After locating the line with "Depuis mi-mars 2025, le" in the entries below, output it and each following line up to and including the line with "原理是利用振動電機(jī)激", exactly and without pictures.

GIVEN DATA:
========

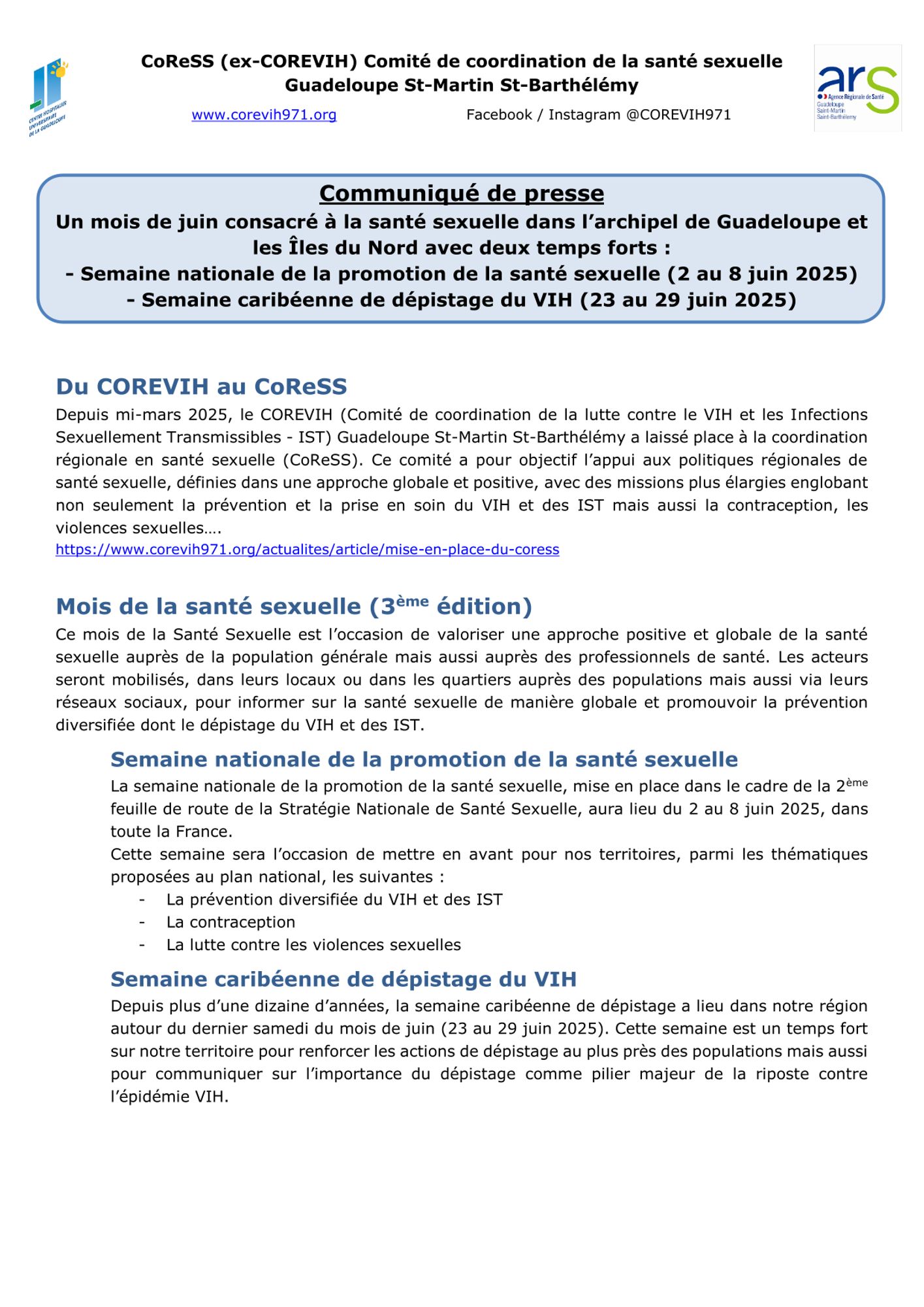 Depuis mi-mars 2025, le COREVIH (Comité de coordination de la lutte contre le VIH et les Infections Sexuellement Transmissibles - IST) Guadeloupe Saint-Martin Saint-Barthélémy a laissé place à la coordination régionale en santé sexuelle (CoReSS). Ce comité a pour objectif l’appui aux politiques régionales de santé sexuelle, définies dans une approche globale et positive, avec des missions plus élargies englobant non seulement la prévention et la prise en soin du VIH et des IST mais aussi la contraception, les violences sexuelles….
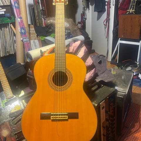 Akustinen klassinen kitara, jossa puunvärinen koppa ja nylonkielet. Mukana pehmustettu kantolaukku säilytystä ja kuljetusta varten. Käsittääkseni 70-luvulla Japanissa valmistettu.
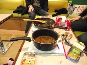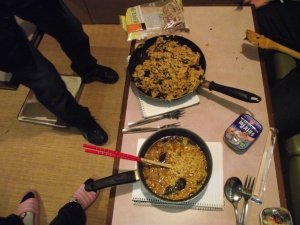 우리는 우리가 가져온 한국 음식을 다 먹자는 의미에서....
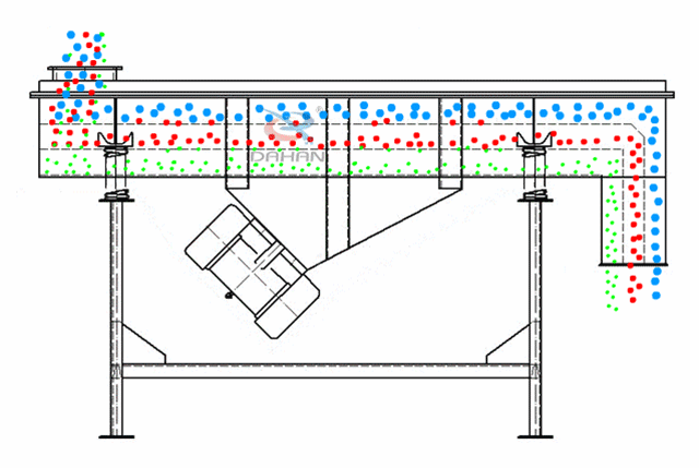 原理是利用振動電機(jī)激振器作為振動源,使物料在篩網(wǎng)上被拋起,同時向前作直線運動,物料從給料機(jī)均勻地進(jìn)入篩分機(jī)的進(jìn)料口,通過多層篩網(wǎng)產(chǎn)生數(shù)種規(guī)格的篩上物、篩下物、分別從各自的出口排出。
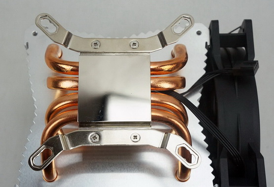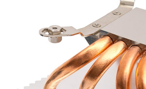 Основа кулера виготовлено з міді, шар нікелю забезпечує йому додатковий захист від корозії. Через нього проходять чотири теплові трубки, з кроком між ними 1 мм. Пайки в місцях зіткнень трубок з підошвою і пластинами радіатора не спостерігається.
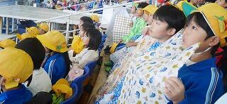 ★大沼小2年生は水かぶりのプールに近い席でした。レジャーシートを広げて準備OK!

========

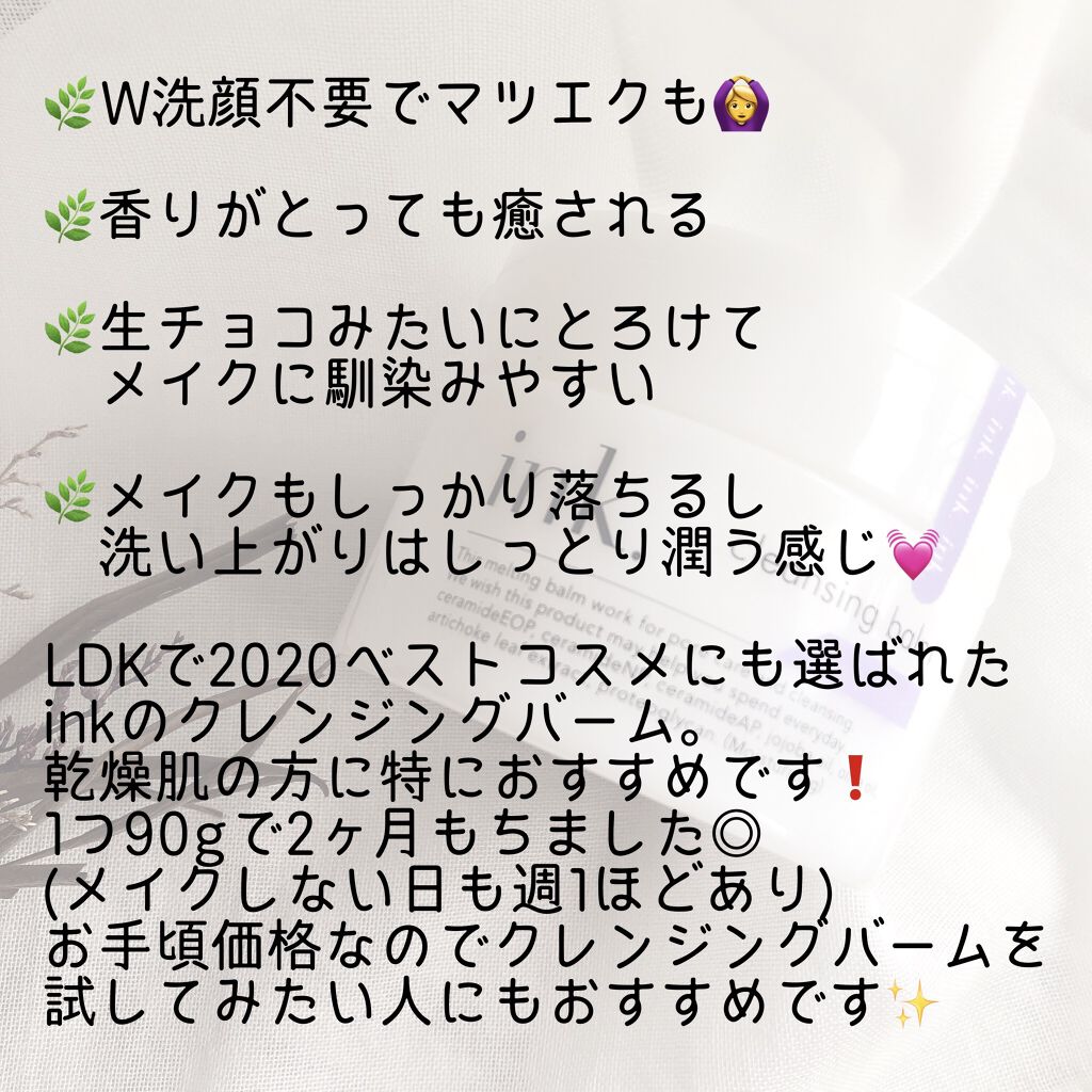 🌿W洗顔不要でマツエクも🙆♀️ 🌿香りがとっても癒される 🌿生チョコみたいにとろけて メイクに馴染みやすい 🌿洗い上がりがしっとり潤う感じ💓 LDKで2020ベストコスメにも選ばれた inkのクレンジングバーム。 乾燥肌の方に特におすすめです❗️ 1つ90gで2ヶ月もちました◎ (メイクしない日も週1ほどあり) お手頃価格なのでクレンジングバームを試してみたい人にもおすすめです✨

========

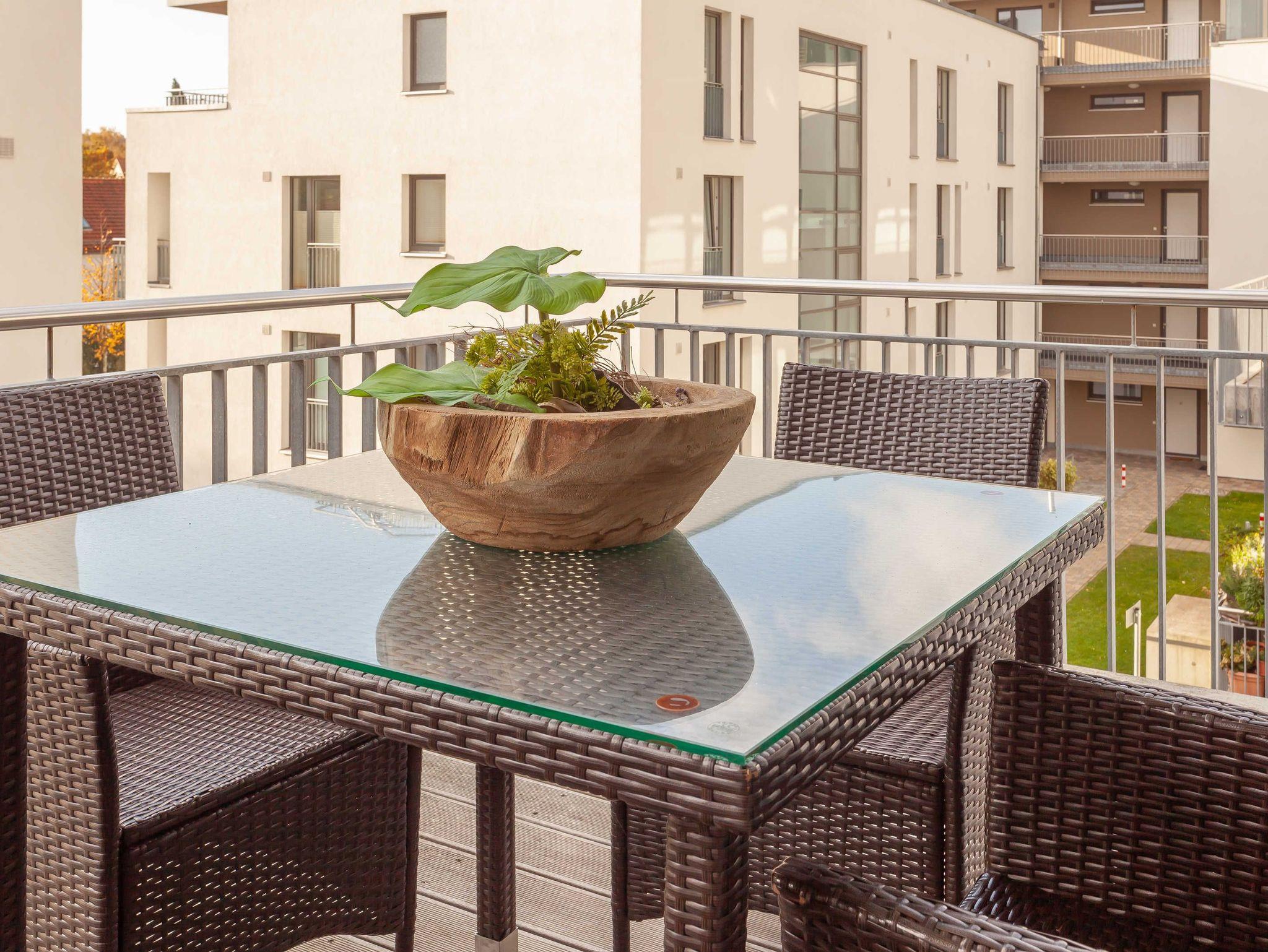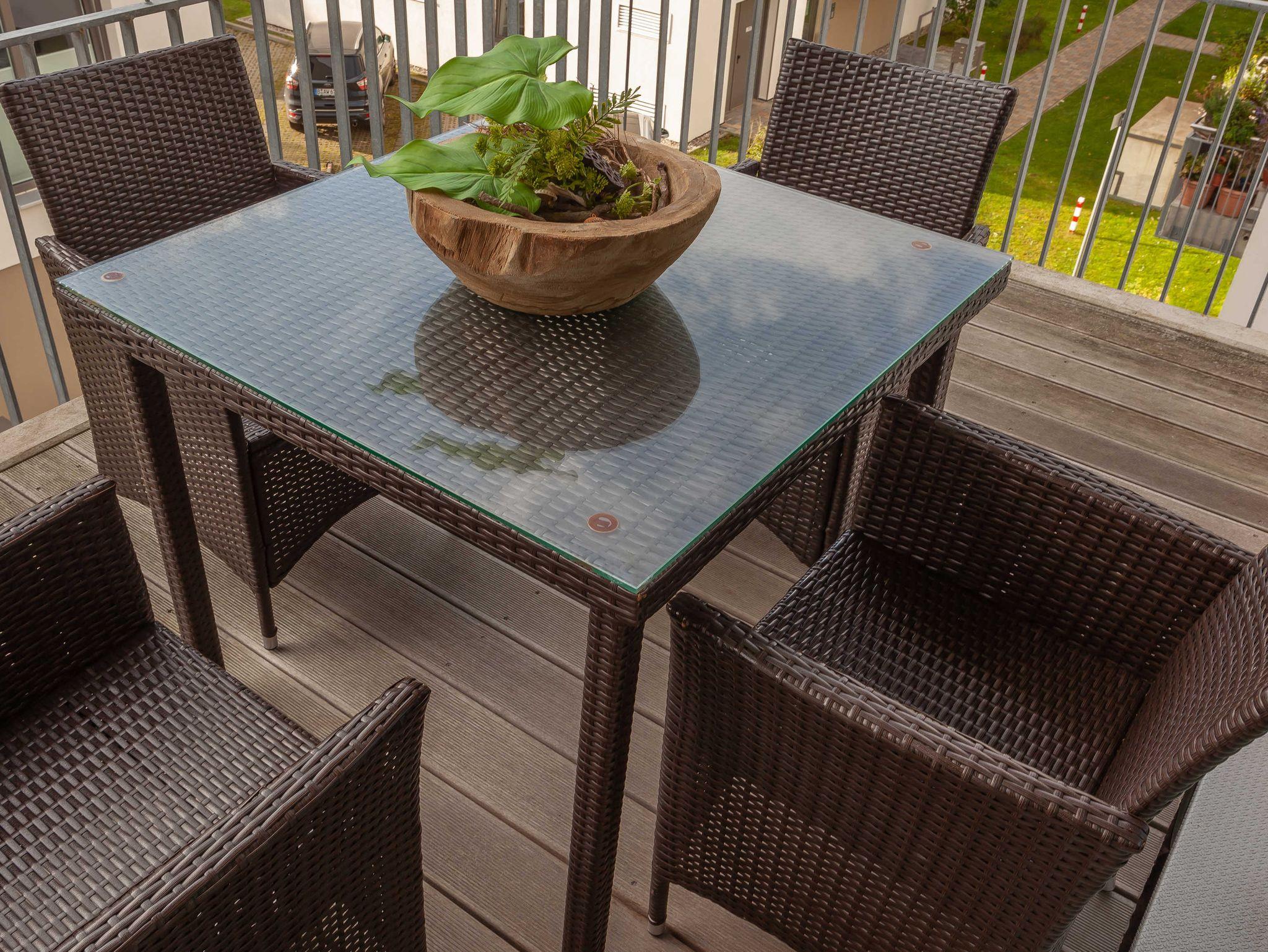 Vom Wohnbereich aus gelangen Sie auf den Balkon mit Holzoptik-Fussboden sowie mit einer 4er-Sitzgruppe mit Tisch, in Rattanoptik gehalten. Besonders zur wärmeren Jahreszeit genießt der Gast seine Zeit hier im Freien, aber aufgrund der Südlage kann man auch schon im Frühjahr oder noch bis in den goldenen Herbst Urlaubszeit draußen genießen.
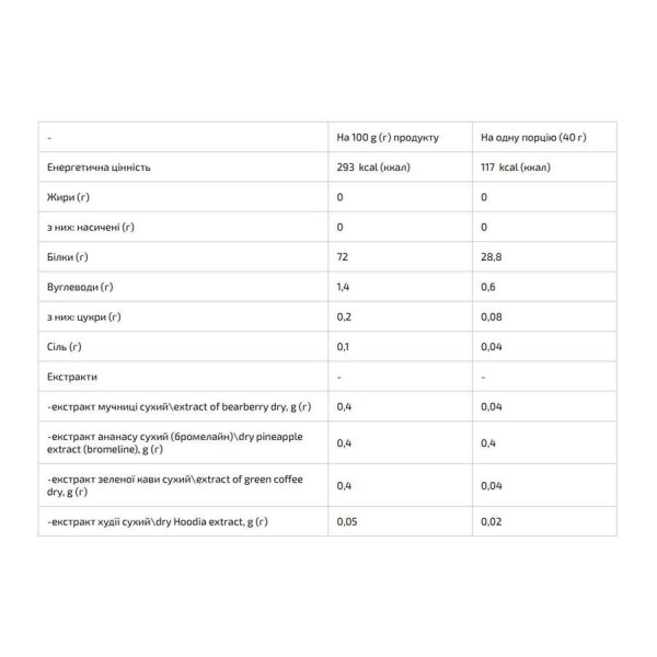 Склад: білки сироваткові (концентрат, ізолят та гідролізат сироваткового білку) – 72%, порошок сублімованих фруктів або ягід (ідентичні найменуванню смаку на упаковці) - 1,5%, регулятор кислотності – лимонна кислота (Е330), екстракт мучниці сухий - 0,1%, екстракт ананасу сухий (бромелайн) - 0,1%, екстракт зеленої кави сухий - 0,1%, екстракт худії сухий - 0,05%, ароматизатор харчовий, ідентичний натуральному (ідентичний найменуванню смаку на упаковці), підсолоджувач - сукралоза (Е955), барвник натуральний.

========

ANSWER BELOW:
 Depuis mi-mars 2025, le COREVIH (Comité de coordination de la lutte contre le VIH et les Infections Sexuellement Transmissibles - IST) Guadeloupe Saint-Martin Saint-Barthélémy a laissé place à la coordination régionale en santé sexuelle (CoReSS). Ce comité a pour objectif l’appui aux politiques régionales de santé sexuelle, définies dans une approche globale et positive, avec des missions plus élargies englobant non seulement la prévention et la prise en soin du VIH et des IST mais aussi la contraception, les violences sexuelles….
 Akustinen klassinen kitara, jossa puunvärinen koppa ja nylonkielet. Mukana pehmustettu kantolaukku säilytystä ja kuljetusta varten. Käsittääkseni 70-luvulla Japanissa valmistettu.
 우리는 우리가 가져온 한국 음식을 다 먹자는 의미에서....
 原理是利用振動電機(jī)激振器作為振動源,使物料在篩網(wǎng)上被拋起,同時向前作直線運動,物料從給料機(jī)均勻地進(jìn)入篩分機(jī)的進(jìn)料口,通過多層篩網(wǎng)產(chǎn)生數(shù)種規(guī)格的篩上物、篩下物、分別從各自的出口排出。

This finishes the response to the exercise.